There’s now a new report about yet another scandal building inside the White House. Evidently, the fact that neither the president nor some of his closest allies had any experience with public service upon assuming their present positions isn’t paying off, since they keep running afoul of ethics laws.
It has come to light that the office of the White House counsel is looking into the question of whether or not meetings that Trump son-in-law and senior adviser Jared Kushner had with the heads of a pair of financial institutions violated government ethics laws.
Democratic U.S. Rep. Raja Krishnamoorthi was told as much by acting director of the Office of Government Ethics David Apol, whom Krishnamoorthi had pressed about the issue of the meetings in question.
‘I have discussed this matter with the White House Counsel’s Office in order to ensure that they have begun the process of ascertaining the facts necessary to determine whether any law or regulation has been violated and whether any additional procedures are necessary to avoid violations in the future. During that discussion, the White House informed me that they had already begun this process. I have asked the White House to inform me of the results of that process.’
The meetings that Apol is referring to as possibly having facilitated a law or regulation being violated both took place last year. Kushner, who has taken on an array of roles within the White House, met with Joshua Harris, who co-founded the private equity firm Apollo Global Management, last year. In November, Apollo lent $184 million to the Kushner family business, which Jared himself formerly led.
Kushner also met with Citigroup’s chief executive Michael Corbat last year, and the firm consequently lent Kushner Companies $325 million.
Corbat has claimed to have had no knowledge of his bank being in the process of closing a real estate loan to the Kushner family business when he met with the president’s son-in-law last year. He is apparently the one to have requested the meeting in the first place, having sought to discuss U.S. trade policy.
As for Apollo, the company has similarly claimed that Harris had nothing to do with the massive loan to the Kushner family business.
News of the White House counsel looking into the question of whether or not Kushner’s meeting comes at an already perilous time for the president’s son-in-law and the Trump administration as a whole.

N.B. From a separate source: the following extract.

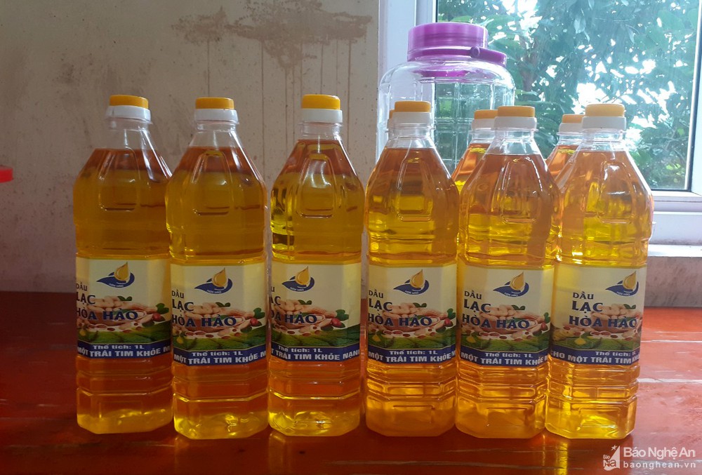 Sản phẩm dầu lạc Hòa Hảo trên địa bàn xã Nghĩa Hoàn đạt "3 sao" OCOP năm 2021. Ảnh: XH

Kushner recently lost his temporary security clearance in the midst of a reshuffling of the entire process by which security clearances are granted inside the White House. That loss means that the real estate owner turned political leader had his work cut out for him.
Hanging over the entire administration is a cloud similar to the one hanging over Kushner in particular — that of the Russia scandal. Although the House Intelligence Committee has winded down its inquiry, Special Counsel Mueller’s investigation is still proceeding full steam ahead.